(GIVEN RECORDS Opens)

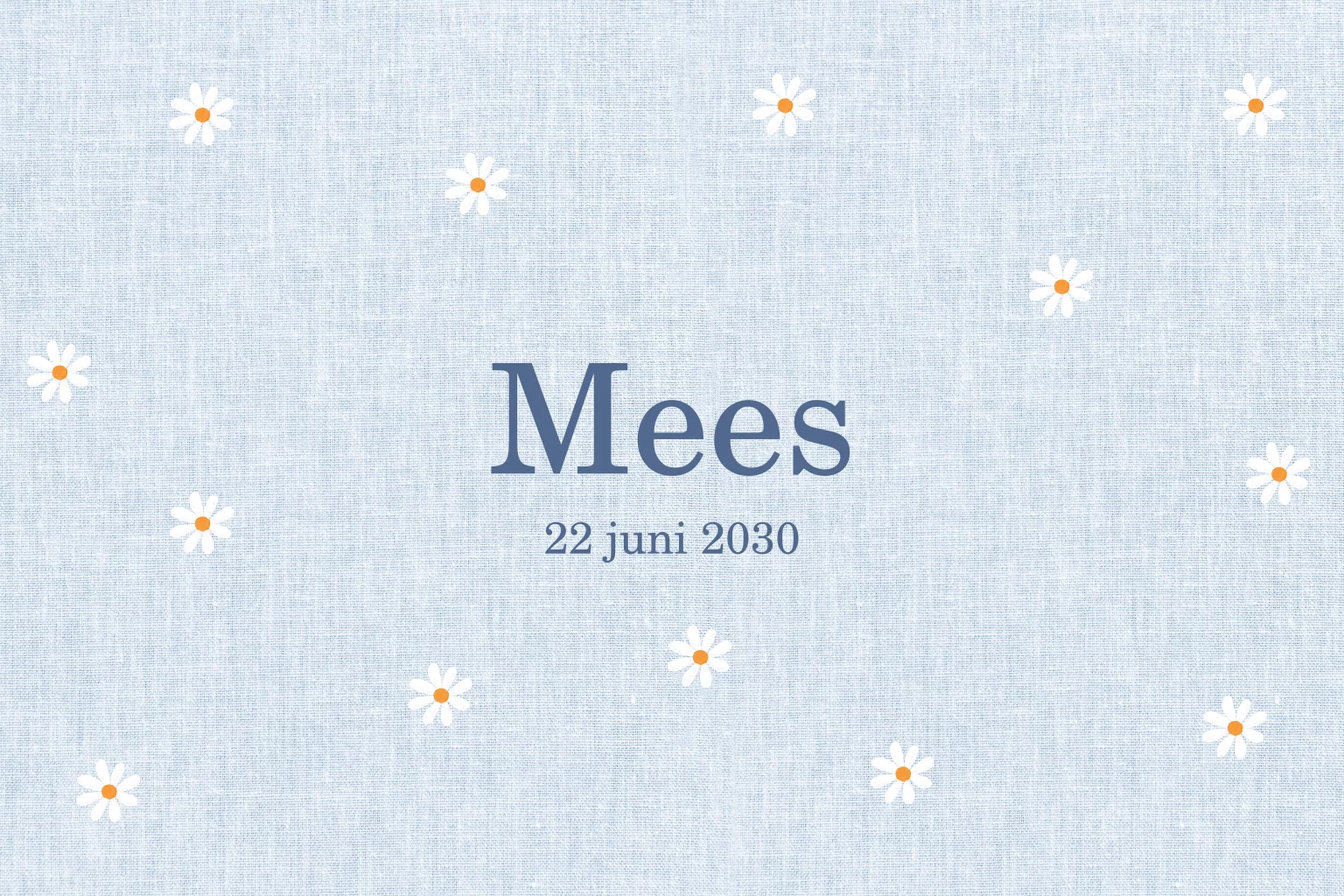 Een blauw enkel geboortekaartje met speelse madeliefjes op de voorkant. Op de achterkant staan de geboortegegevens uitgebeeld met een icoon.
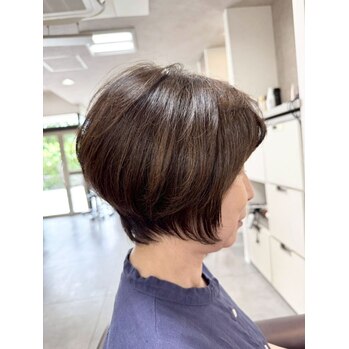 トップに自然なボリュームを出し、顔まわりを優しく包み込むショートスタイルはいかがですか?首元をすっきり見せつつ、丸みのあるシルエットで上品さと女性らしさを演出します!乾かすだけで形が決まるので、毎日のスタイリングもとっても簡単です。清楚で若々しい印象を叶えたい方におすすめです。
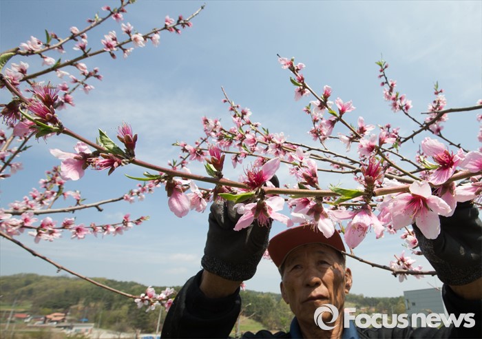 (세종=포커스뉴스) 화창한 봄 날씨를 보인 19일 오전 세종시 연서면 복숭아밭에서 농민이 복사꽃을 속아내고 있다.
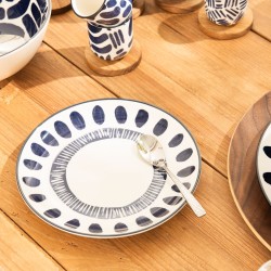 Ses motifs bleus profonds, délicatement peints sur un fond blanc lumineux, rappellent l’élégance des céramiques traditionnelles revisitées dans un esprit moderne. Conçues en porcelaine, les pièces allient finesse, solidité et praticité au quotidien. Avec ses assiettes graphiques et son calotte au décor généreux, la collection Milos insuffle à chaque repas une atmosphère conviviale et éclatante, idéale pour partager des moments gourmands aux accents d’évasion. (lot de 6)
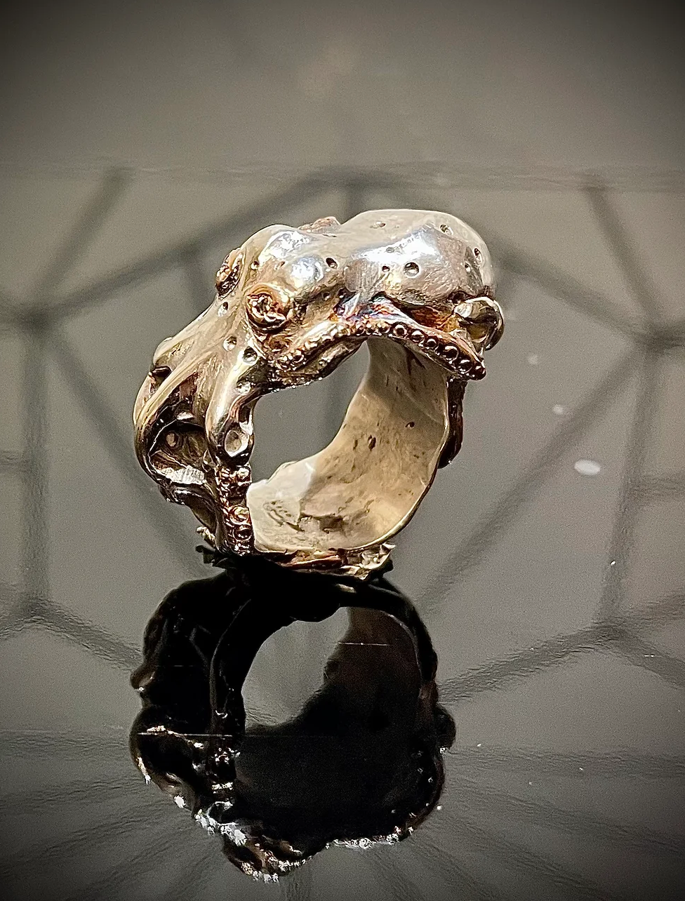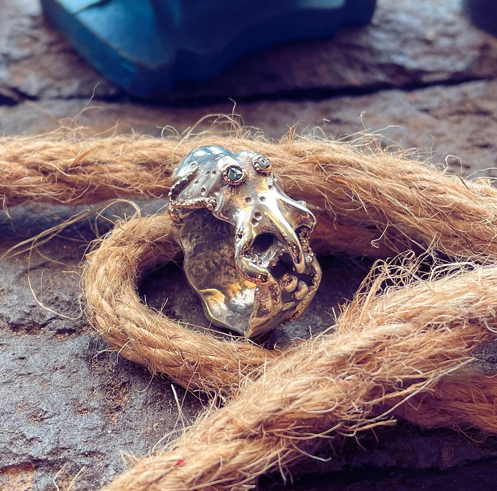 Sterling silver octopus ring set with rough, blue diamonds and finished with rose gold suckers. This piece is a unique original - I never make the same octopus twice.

(GIVEN RECORDS Closes)

ABOUT THIS TASK
Retype only the lines that run from the first line of the entries above to the line containing "(세종=포커스뉴스) 화창한 봄", both included. Do not carry over any pictures.

YOUR RESPONSE
 Een blauw enkel geboortekaartje met speelse madeliefjes op de voorkant. Op de achterkant staan de geboortegegevens uitgebeeld met een icoon.
 トップに自然なボリュームを出し、顔まわりを優しく包み込むショートスタイルはいかがですか?首元をすっきり見せつつ、丸みのあるシルエットで上品さと女性らしさを演出します!乾かすだけで形が決まるので、毎日のスタイリングもとっても簡単です。清楚で若々しい印象を叶えたい方におすすめです。
 (세종=포커스뉴스) 화창한 봄 날씨를 보인 19일 오전 세종시 연서면 복숭아밭에서 농민이 복사꽃을 속아내고 있다.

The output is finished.